Cardinal is an R package for statistical analysis of mass spectrometry-based imaging (MSI) experiments of biological samples such as tissues. Cardinal supports both Matrix-Assisted Laser Desorption/Ionization (MALDI) and Desorption Electrospray Ionization-based MSI workflows, and experiments with multiple tissues and complex designs. The main analytical functionalities include (1) image segmentation, which partitions a tissue into regions of homogeneous chemical composition, selects the number of segments and the subset of informative ions, and characterizes the associated uncertainty and (2) image classification, which assigns locations on the tissue to pre-defined classes, selects the subset of informative ions, and estimates the resulting classification error by (cross-) validation. The statistical methods are based on mixture modeling and regularization.
Probabilistic Segmentation of Mass Spectrometry (MS) Images Helps Select Important Ions and Characterize Confidence in the Resulting Segments
Kyle D. Bemis, April Harry, Livia S. Eberlin, Christina R. Ferreira, Stephanie M. van de Ven, Parag Mallick, Mark Stolowitz and Olga Vitek
Mass spectrometry imaging is a powerful tool for investigating the spatial distribution of chemical compounds in a biological sample such as tissue. Two common goals of these experiments are unsupervised segmentation of images into newly discovered homogeneous segments and supervised classification of images into predefined classes.
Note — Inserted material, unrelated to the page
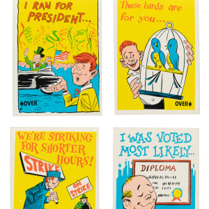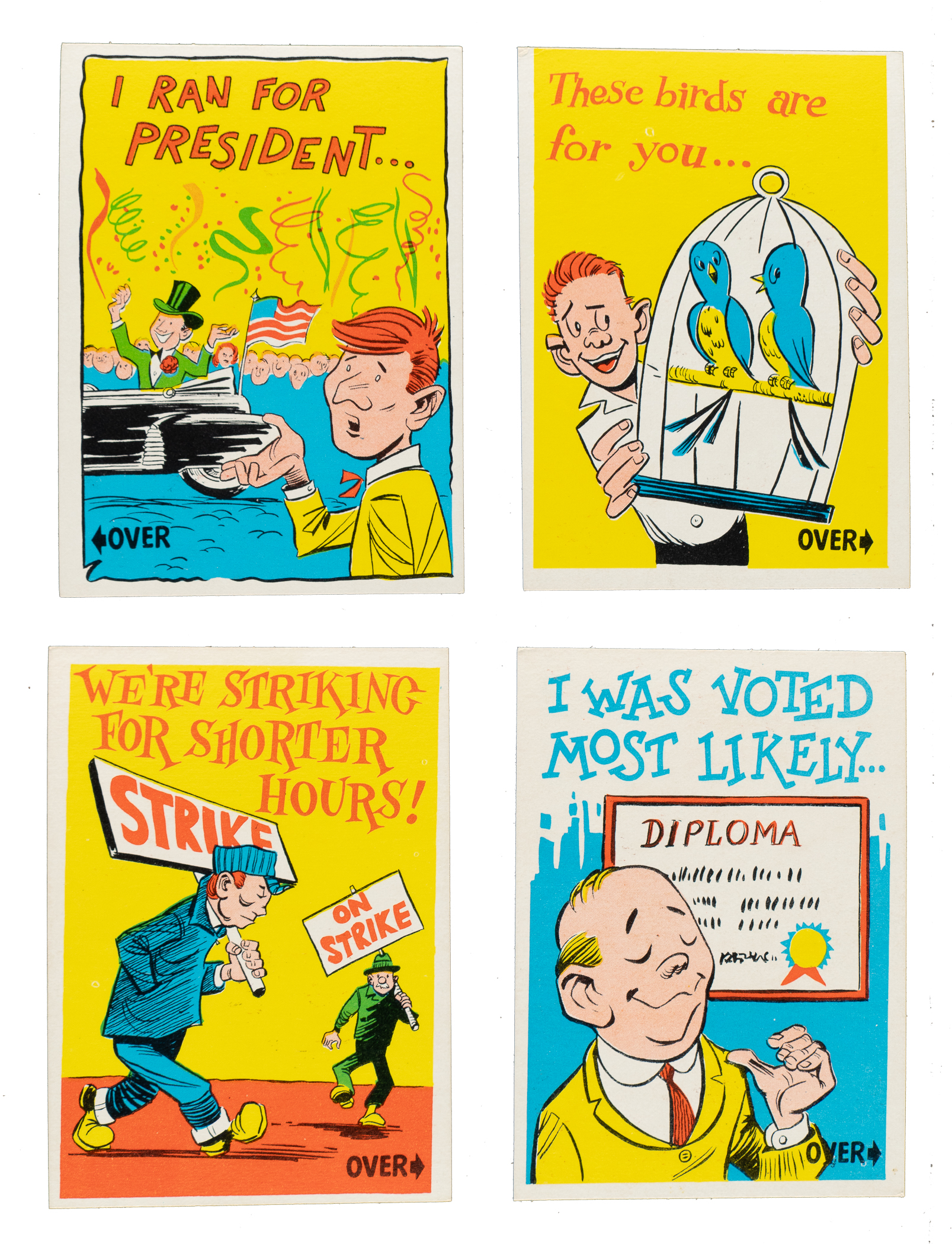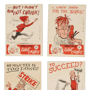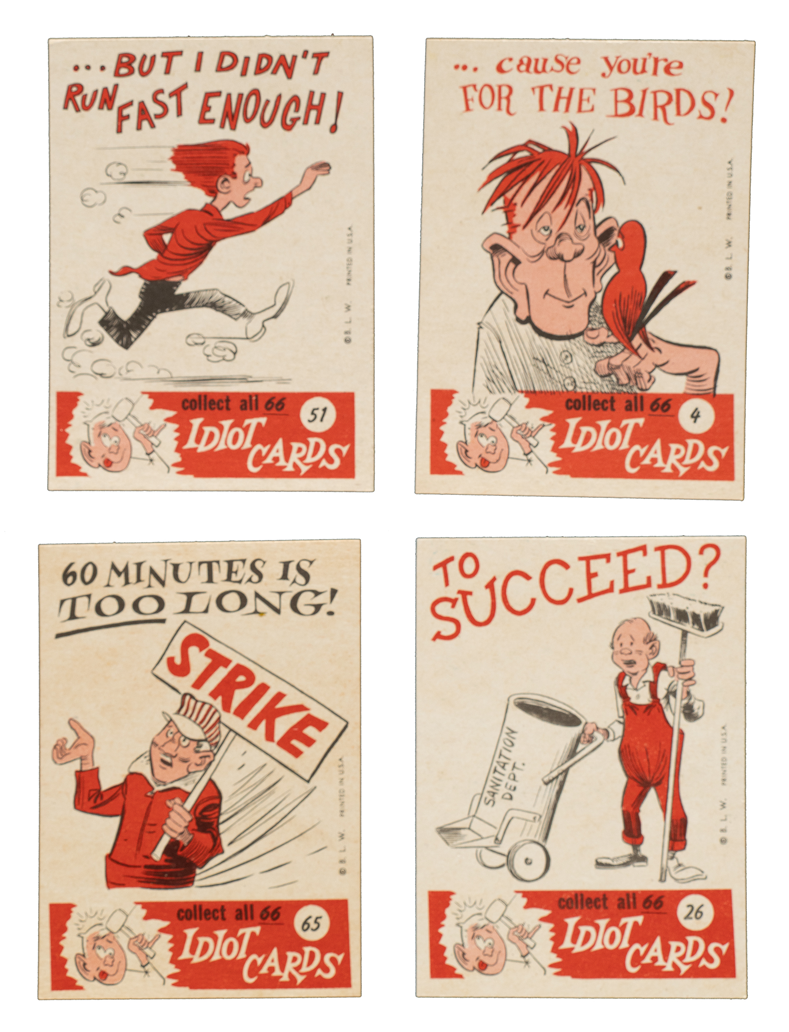 Complete set of 1961 Donruss "Idiot Cards" trading cards. Condition ranges from Vg to Nr/Mt (averaging Ex). Total: 66 cards. The size/weight of this item requires that there will be an additional shipping charge for this lot.

In both cases, the important secondary goals are to characterize the uncertainty associated with the segmentation and with the classification and to characterize the spectral features that define each segment or class. Recent analysis methods have focused on the spatial structure of the data to improve results. However, they either do not address these secondary goals or do this with separate post hoc procedures.
We introduce spatial shrunken centroids, a statistical model-based framework for both supervised classification and unsupervised segmentation. It takes as input sets of previously detected, aligned, quantified, and normalized spectral features and expresses both spatial and multivariate nature of the data using probabilistic modeling. It selects informative subsets of spectral features that define each unsupervised segment or supervised class and quantifies and visualizes the uncertainty in spatial segmentations and in tissue classification. In the unsupervised setting, it also guides the choice of an appropriate number of segments. We demonstrate the usefulness of this framework in a supervised human renal cell carcinoma experimental dataset and several unsupervised experimental datasets, including a pig fetus cross-section, three rodent brains, and a controlled image with known ground truth. This framework is available for use within the open-source R package Cardinal as part of a full pipeline for the processing, visualization, and statistical analysis of mass spectrometry imaging experiments.